Chromosome choice for initiation of V-(D)-J recombination is not governed by genomic imprinting

Abstract

V-(D)-J recombination generates the antigen receptor diversity necessary for immune cell function, while allelic exclusion ensures that each cell expresses a single antigen receptor. V-(D)-J recombination of the Ig, Tcrb, Tcrg and Tcrd antigen receptor genes is ordered and sequential so that only one allele generates a productive rearrangement. The mechanism controlling sequential rearrangement of antigen receptor genes, in particular how only one allele is selected to initiate recombination while at least temporarily leaving the other intact, remains unresolved.
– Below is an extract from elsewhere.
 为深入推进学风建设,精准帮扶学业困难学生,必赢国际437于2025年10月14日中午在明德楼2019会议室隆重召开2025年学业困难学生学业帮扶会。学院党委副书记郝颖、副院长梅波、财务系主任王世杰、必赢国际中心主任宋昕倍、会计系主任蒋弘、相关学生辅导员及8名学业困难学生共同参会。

Genomic imprinting, a widespread phenomenon wherein maternal or paternal allele inheritance determines allele activity, could represent a regulatory mechanism for controlling sequential V-(D)-J rearrangement. We used strain-specific single-nucleotide polymorphisms within antigen receptor genes to determine if maternal vs paternal inheritance could underlie chromosomal choice for the initiation of recombination. We found no parental chromosomal bias in the initiation of V-(D)-J recombination in T or B cells, eliminating genomic imprinting as a potential regulator for this tightly regulated process.
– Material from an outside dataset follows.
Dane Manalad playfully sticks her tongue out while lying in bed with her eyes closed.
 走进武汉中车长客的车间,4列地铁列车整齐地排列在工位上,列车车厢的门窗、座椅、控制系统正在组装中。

Figure 1. Rationale for experimental approach

Models of V-(D)-J recombination where the choice of initial substrate is biased toward the maternal (dark gray) chromosome, biased toward the paternal (light gray) chromosome, or not influenced by chromosome parental origin. Maternal and paternal alleles are distinguished by SNPs within the region that is always deleted by V-DJ (or V-J) recombination. By assaying the relative proportions of maternal and paternal alleles in mature antigen-receptor cell populations we can distinguish these three mutually exclusive models. Alleles are distinguished and then quantitated by restriction enzyme digestion and also by pyrosequencing. Analyzing mice generated by reciprocal crosses eliminates the possibility that allelic bias will mask parent-of-origin bias in the selection of the initial chromosome that will undergo recombination.
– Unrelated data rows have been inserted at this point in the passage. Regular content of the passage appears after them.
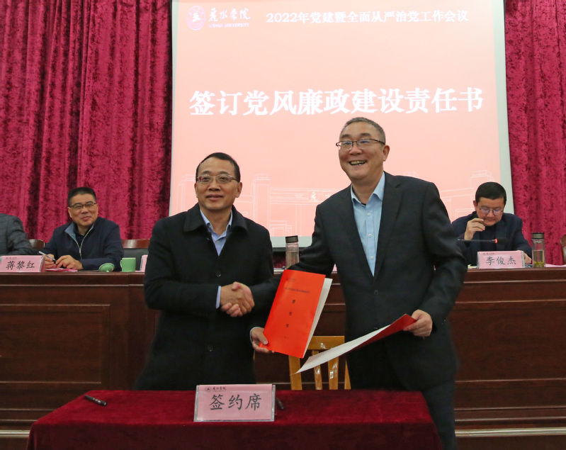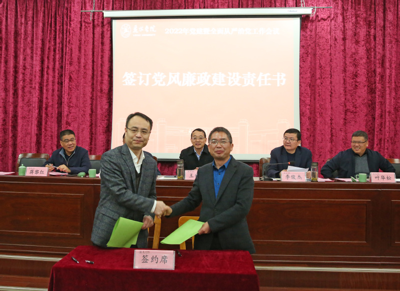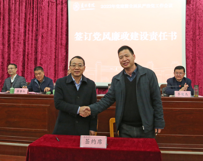 会上,王利琳与叶华松、民族学院党委负责人签订意识形态工作责任书,与鲁剑伟、生态学院党委负责人签订党风廉政建设责任书;叶华松与党委委员、宣传部长廖峰签订意识形态工作责任书;副校长汪亚明与科研处负责人签订党风廉政建设责任书。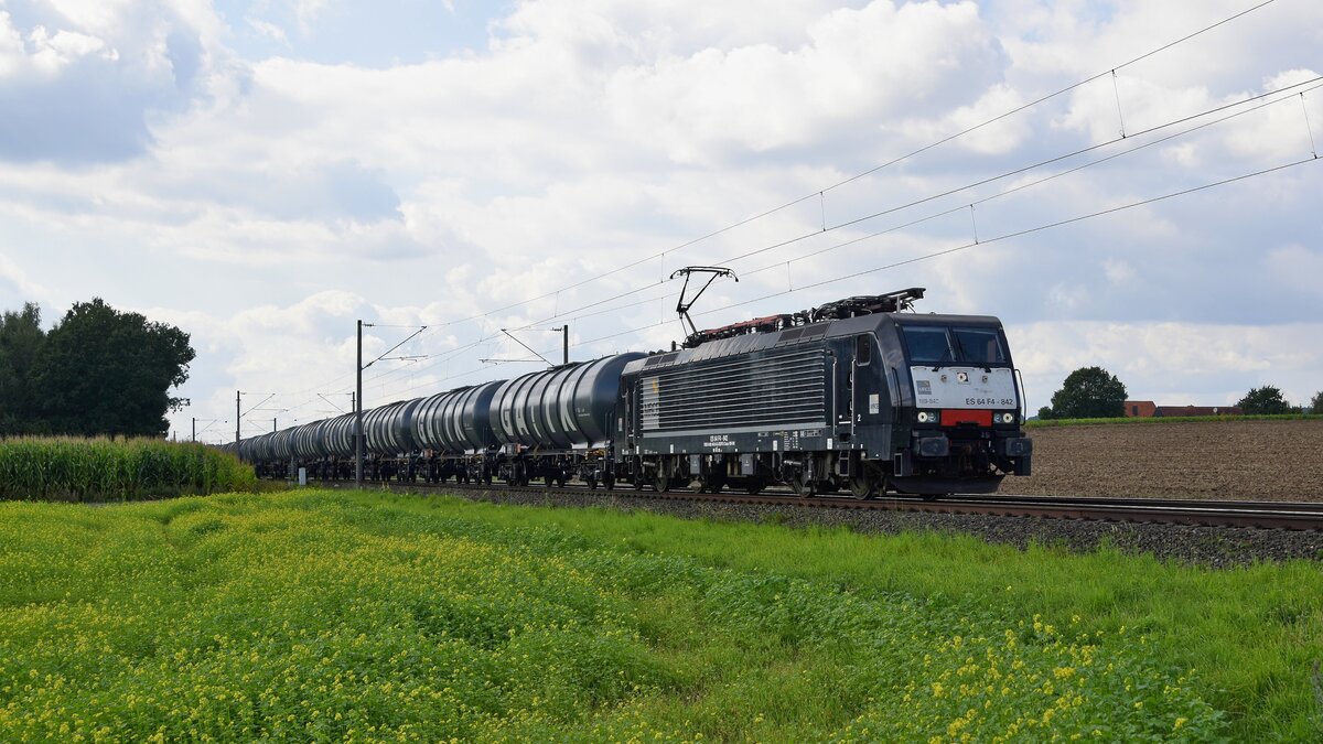 MKB V6 (216 014) mit Kesselwagenzug während eines heftigen Regenschauers in Richtung Minden (Landesbergen, 27.08.2021).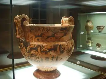 C'est aussi l'influence de Corinthe qui introduit à Athènes de nouvelles formes de vases (coupe, cratère) mais aussi des frises narratives. À la fin de cette période (635-570), la représentation de frise animale touche à sa fin.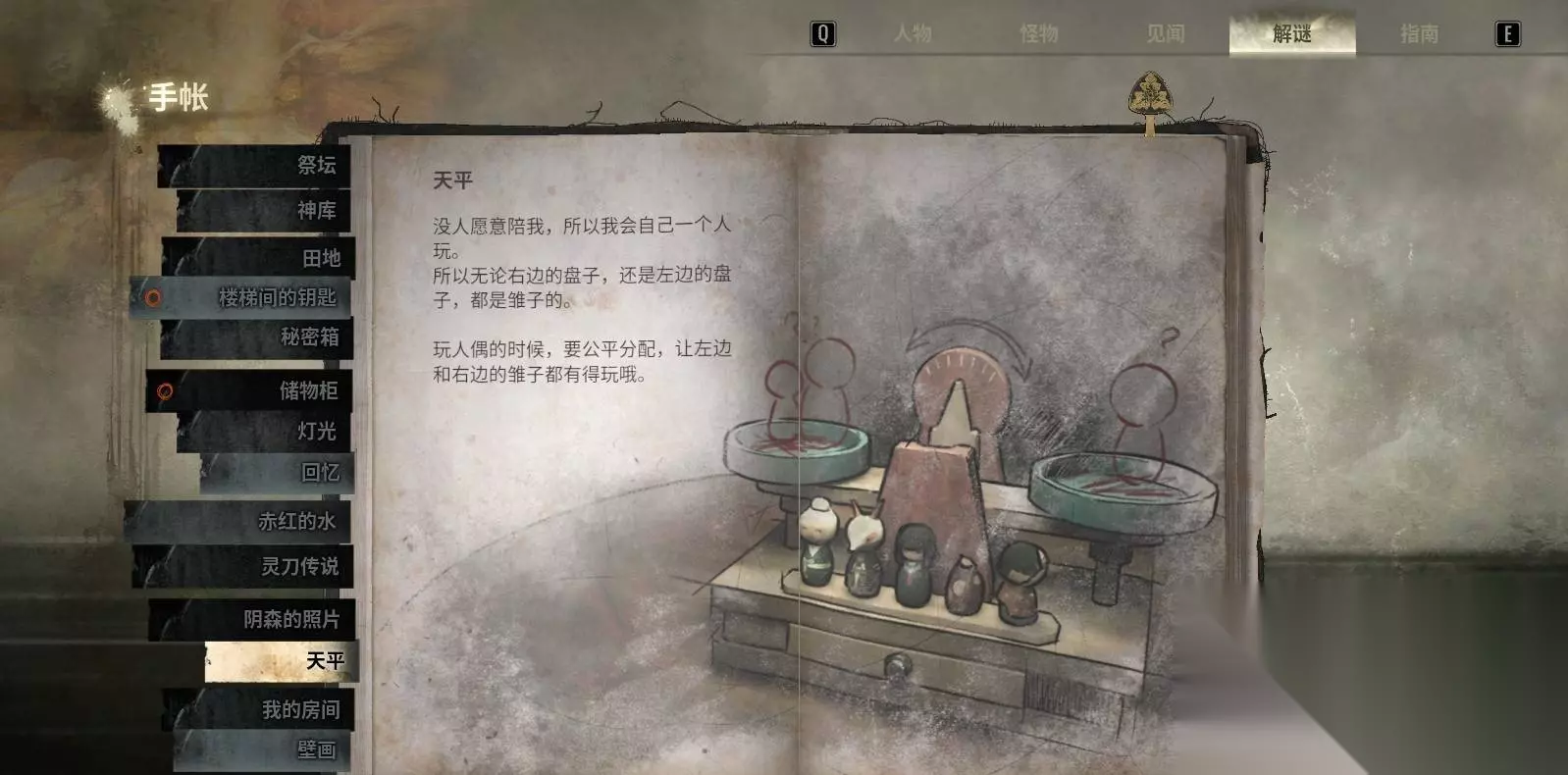五、深水家区域谜题(结局分支关键) 深水家是结局分歧的核心区域,所有谜题(天平、照片、房间纹章)都会随四种结局的要求而变化——想要指定结局必须按目标结局的方法解谜。 5.1 天平谜题:玩偶平衡 将五个玩偶(无头玩偶、半面具玩偶、雏子玩偶(蓝衬衫)、以及其它普通玩偶)放到天平两侧,并调整到平衡状态以解锁下一步。 不同结局对左右分配有不同要求,摆放前最好先存档或记录目标结局所需的摆放方案。

Figure 2. Analysis of parent-of-origin bias by restriction enzyme digestion

(A) Tcrb locus: genomic DNA was prepared from tail biopsy and from purified TCRγδ cells (γδ TCR+), purified TCRαβ CD4+ cells (TCRβ+, γδ TCR−, CD4+, CD8−), purified TCRαβ CD8+ cells (TCRβ+, γδ TCR−, CD8+, CD4−), and purified B cells (TCRβ−, γδ TCR−, CD19+, B220+) from adult mice generated by intercrosses of B6 × FVB (lane 1) or FVB × B6 (lane 2). To determine allelic frequency, gDNAs were amplified across known SNPs, digested with informative restriction enzymes, and electrophoresed. Four total analyses were done and representative data are shown. To identify a parent-of-origin bias in the choice of chromosome to initiate V-DJ recombination, we looked for distinct patterns in cells that have undergone recombination (marked by grey boxes) relative to cells that did not undergo recombination. Recombination of the β locus will have occurred in CD4+ and CD8+ cells but not in tail or in TCRγδ or B cells. However, the relative frequencies of B6 and FVB are not different in those cell types. The use of reciprocal crosses ensures that allelic biases (in either recombination or in detection) did not obscure parent-of-origin biases. N = 4. (B) Tcrg locus was analyzed as in (A) except for the heterozygotes being B6 × DBA (lane 1) and DBA × B6 (lane 2). (C) Igh locus was exactly analyzed as described in panel A.

Figure 3. Analysis of parent-of-origin bias by pyrosequencing

Genomic DNAs were prepared essentially as described for Figure 2 except that for Igh, we included samples from B6 × FVB, FVB × B6, B6 × DBA, and DBA × B6 F1 heterozgyotes since both crosses included informative SNPs. After amplification across known SNPs, allelic frequency was analyzed by pyrosequencing. The relative frequency of the maternally inherited allele is depicted as mean ± standard error of the mean. For Tcrb, n=4 (2 B6 × FVB and 2 FVB × B6). For Tcrg, n=4 (2 B6 × DBA and 2 DBA × B6). For Igh, n = 8 (2 B6 × FVB, 2 FVB × B6, 2 B6 × DBA, and 2 DBA × B6). For each locus, the dark grey bars depict the cell population that will have undergone V-DJ recombination. Non-recombined cells are shown in light grey. The absence of detectable differences between these two types of cells and maternal allele frequencies of 50% together indicate that there was no parent-of-origin bias in the choice of chromosome to initiate recombination.